ACE inhibition salvages the visual loss caused by diabetes

Aims. We consider the nature of retinal dysfunction in streptozotocin rats and assess the functional benefits of administering an angiotensin enzyme inhibitor or an inhibitor of advanced glycation end product formation. Methods. Sprague-Dawley rats (n=44) were randomly assigned to control (C=12, C-p=4, C-a=4) and diabetic groups (Streptozotocin, D=24). Diabetes was diagnosed based on a range of physiological and biochemical parameters at 4, 8 and 12 weeks.
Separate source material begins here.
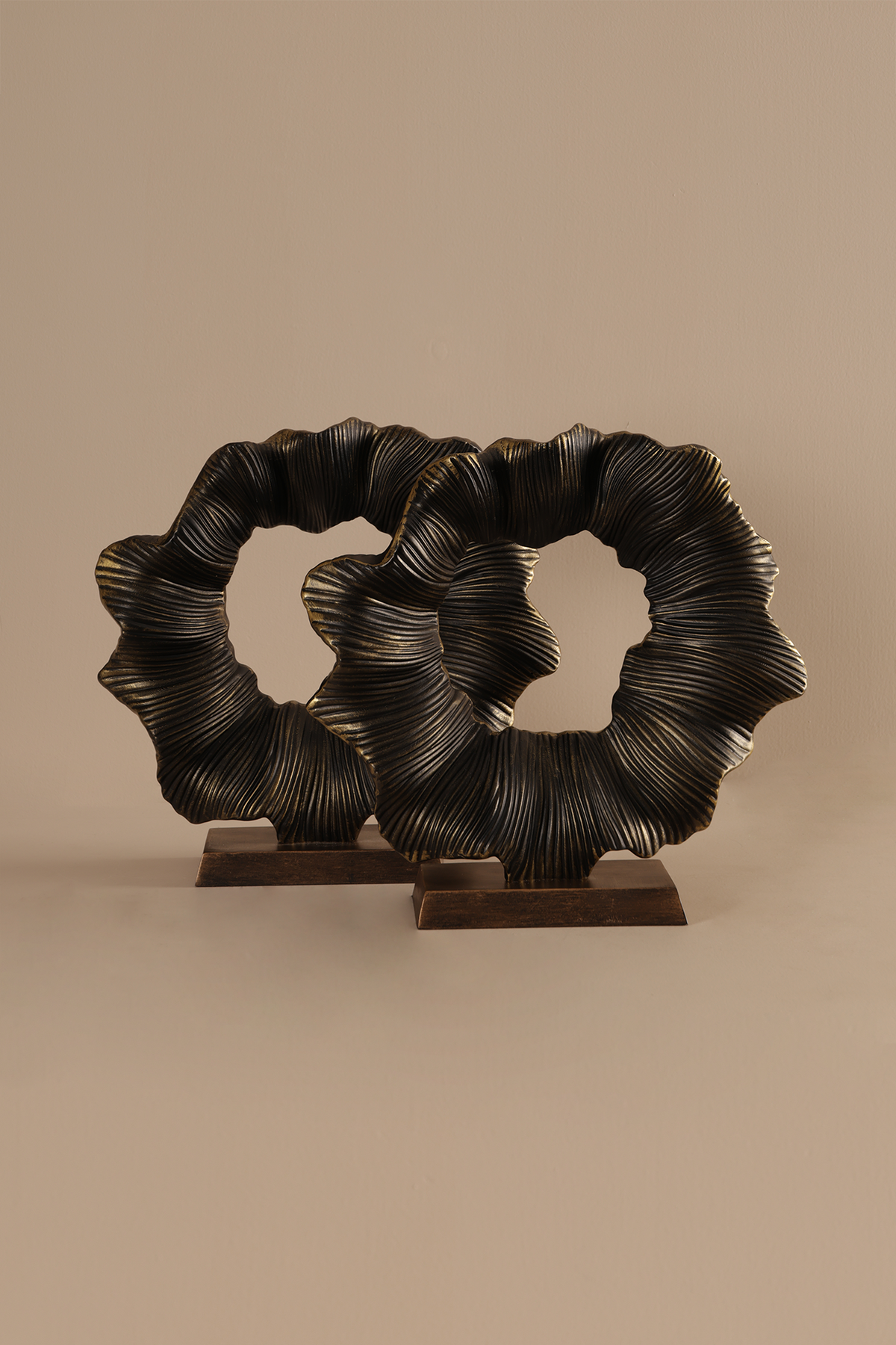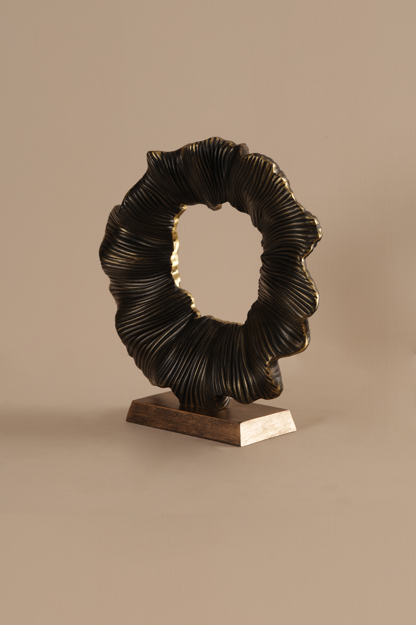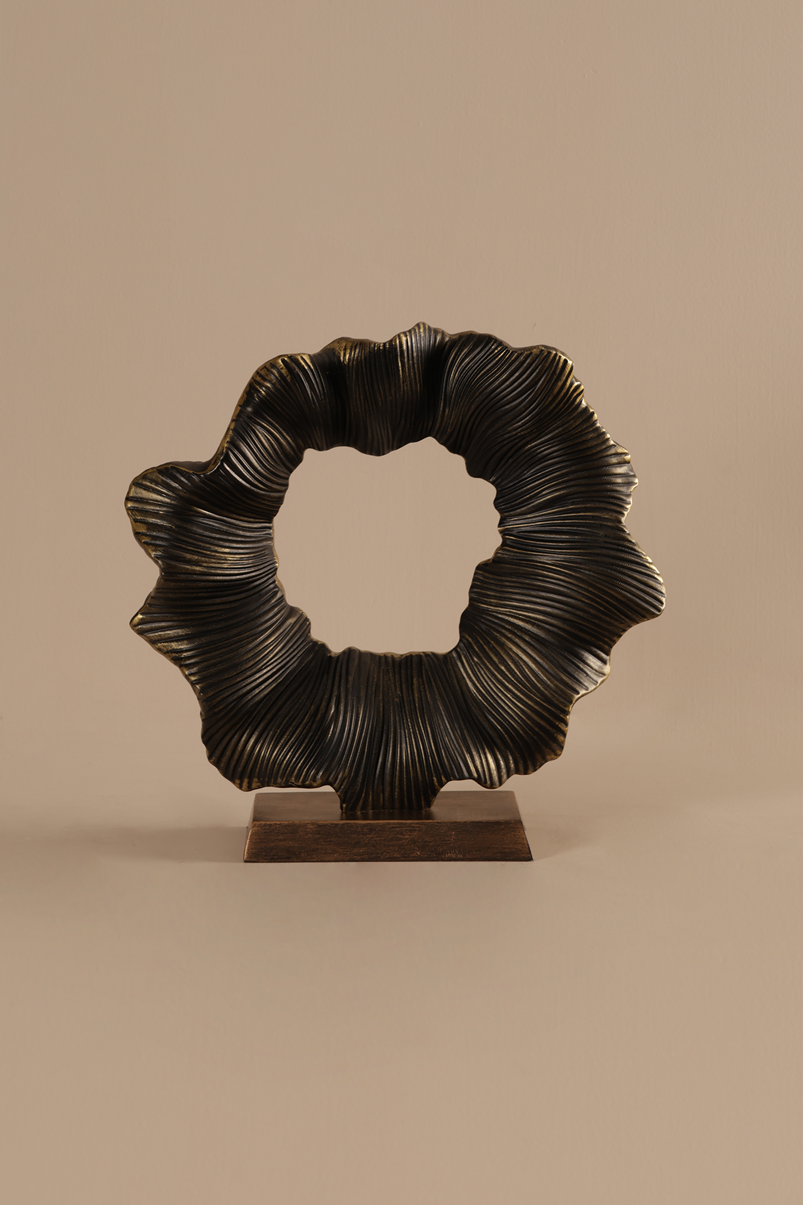 The Bloom Ornament captures the organic elegance of a flower mid-bloom, interpreted through a sculptural circular form with rich texture and flow. With dimensions of 28.3 × 7.5 × 27 cm, it’s crafted from resin and finished in a dark antique bronze tone, resting on a subtly shimmering bronzed base.

Streptozotocin animals were administered insulin daily (4 units protophane). Animals were treated with either an Angiotensin Converting Enzyme inhibitor (perindopril, C-p=4 D-p=8) or an inhibitor of advanced glycation end product information (aminoguanidine, C-a=4, D-a=8). Dark-adapted electroretinograms were measured on anaesthetized animals at 12 weeks following streptozotocin treatment. Photoreceptoral and inner retinal responses were extracted, modelled and compared using ANOVA. Results. Streptozotocin injection increased blood glucose, glycosylated haemoglobin, fluid intake and urine volume, whereas body weight was decreased. Perindopril treatment produced improvements (p<0.05) in all indices, whereas aminoguanidine therapy produced some improvement in blood glucose and water intake. Streptozotocin rats showed losses of photoreceptoral-P3 (-27%), postreceptoral-P2 (-15%) and oscillatory potential (-19%) amplitudes of a similar magnitude. Perindopril therapy returned photoreceptoral and inner retinal function to within control limits. However, aminoguanidine treatment gave no significant functional improvement. Conclusions. Our findings provide evidence for a selective neuropathy in diabetes with a primary photoreceptoral lesion. Treatment with perindopril, an angiotensin converting enzyme inhibitor, ameliorates the neuropathy.